After a year of using art for group therapy sessions, a Counseling Center psychologist has created a program that allows students from different cultures to mix and mingle.
The Counseling Center and the Mysch/Hurst halls' International and Modern Languages Living-Learning Communities created Art Space: Culture, Collage and Fun, a program that has students use group collage to learn more about experiences on campus and in the classroom. The goal of this program is to bring cultures together.
Pei-Yi Lin, a psychologist at the Counseling Center, has been using expressive art in individual and group counseling. In the past two semesters, she has had an art therapy group and the outcome was very positive, she said.
"I started to think about using expressive art in outreach programming to benefit more students, which was my motivation to create this new outreach program," Lin said.
This is the first year doing this program. It is part of a three week series, which ends tonight. It is from 7 to 8:30 p.m. in the first floor lobby of Mysch/Hurst.
The topic for the first session was "Living Experience in BSU," and the second session topics were "Diversity on Campus" or "College Life and Me." Students could choose one of the topics or develop their own as a group.
"This week, students will be using Play-Doh and finger-paint to make decorative collages," Lamees Galal, assistant hall director of Mysch/Hurst, said. "They can create any type of creative artwork that expresses who they are and introduce others to their culture."
Many students attending the sessions are eager to meet new people, create, draw and have a great time, Lin said.
For the two previous sessions, a total of 63 students attended, she said.
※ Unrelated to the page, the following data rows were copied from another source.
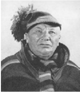
Nils Nilsson Skum

I Naturvårdsverkets sessionssal hängde på 1980-talet en målning av den mest kände samekonstnären, nämligen Nils Nilsson Skum. Målningen föreställer en liten, grå lada där en renhjord passerar alldeles förbi. Bredvid renhjorden åker en same på skidor och litet längre fram springer en liten, svart lapphund.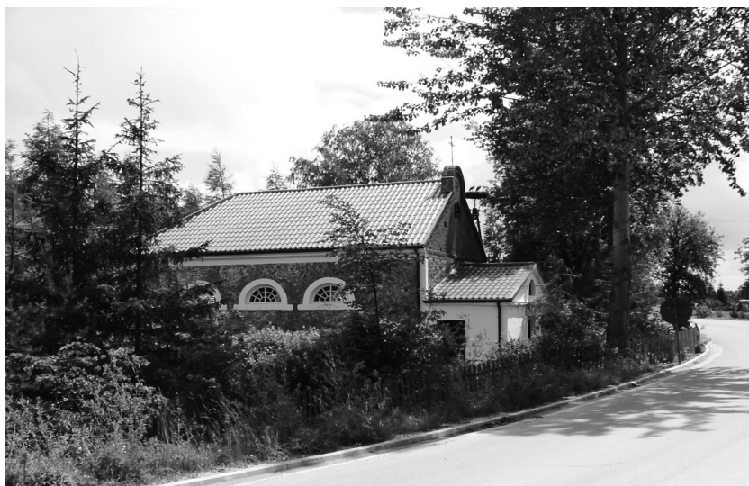
Królowy Most. Kościół pw. św. Anny. Elewacje północna i zachodnia. Widok od strony wsi Kołodno, fot. Izabela Szymańska, 2004.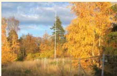
2000: Alt som er igjen der gården sto er, som dere ser på bildet, flaggstangen.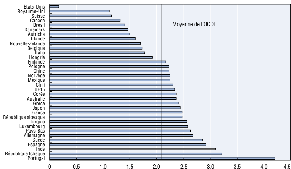
Graphique 2. UNE COMPARAISON INTERNATIONALE DE LA LÉGISLATION DE PROTECTION DU TRAVAIL Emploi régulier (restrictions sur les contrats à durée indéterminée)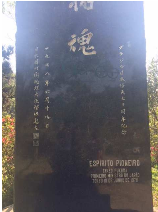
Takkon 02 em granito negro.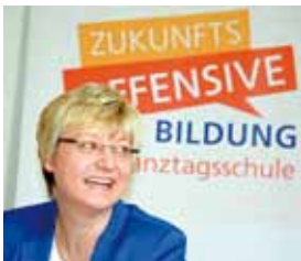
Frauke Heiligenstadt Niedersächsische Kultusministerin

Auf dieser Grundlage werden Sie eine fundierte Entscheidung für den weiteren Bildungsweg Ihres Kindes treffen können. Ein glückliches Kind, das den Anforderungen der gewählten Schulform motiviert begegnet, sollte das gemeinsame Ziel sein.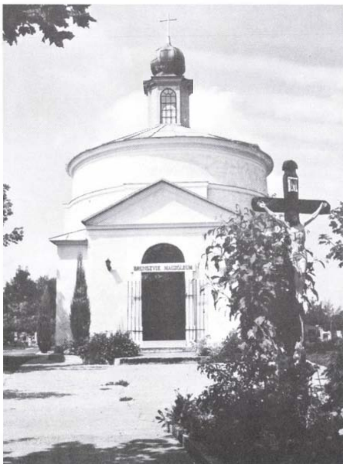
Brunszvik Mauzóleum, Martonvásár

Helyesbítés Molnár Márta : Brunszvik Teréz emlékezete című, a Honismeret 2000. 5. számában megjelent cikkéhez. Brunszvik Teréz , a közép-európai viszonylatban is legelső óvodák alapítója 1861. szeptember 23-án valóban Vácdukán hunyt el, 27-én, azonban nem ott, hanem Martonvásáron kísérték utolsó útjára. Koporsója a családi mauzóleum alsó, kriptá részében található.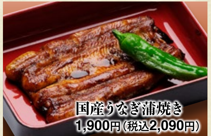
国産りなぎ蒲焼き 1,900円(税込2,090円)

"We had about 38 students at the first session and produced five group collages," Lin said. "There were about 25 students at the second session and produced four group collages."
At each session, students get a chance to learn more about each other and meet new people.
"Students first do a mingling activity for 15-20 minutes," she said. "They then get into groups for 30 minutes and work on a decorative collage together.
"After [they] finish making their collages, students take 20 minutes to share their artworks with the groups [and] hang their projects on the first floor lounge," she said. "We encourage students to ask questions about the artwork."
Galal said by having students hang their artwork, the community can see it and learn more about their work of art. By having this program, students will be able to learn and work with each other to negotiate the ideas they want to present.
"Together, the final products will present a broad and collective culture of BSU students' living experiences, which could increase students' sense of belonging to their community," Lin said. "Through being involved in creative art, students could enjoy and discover their creativity as well as release their stress."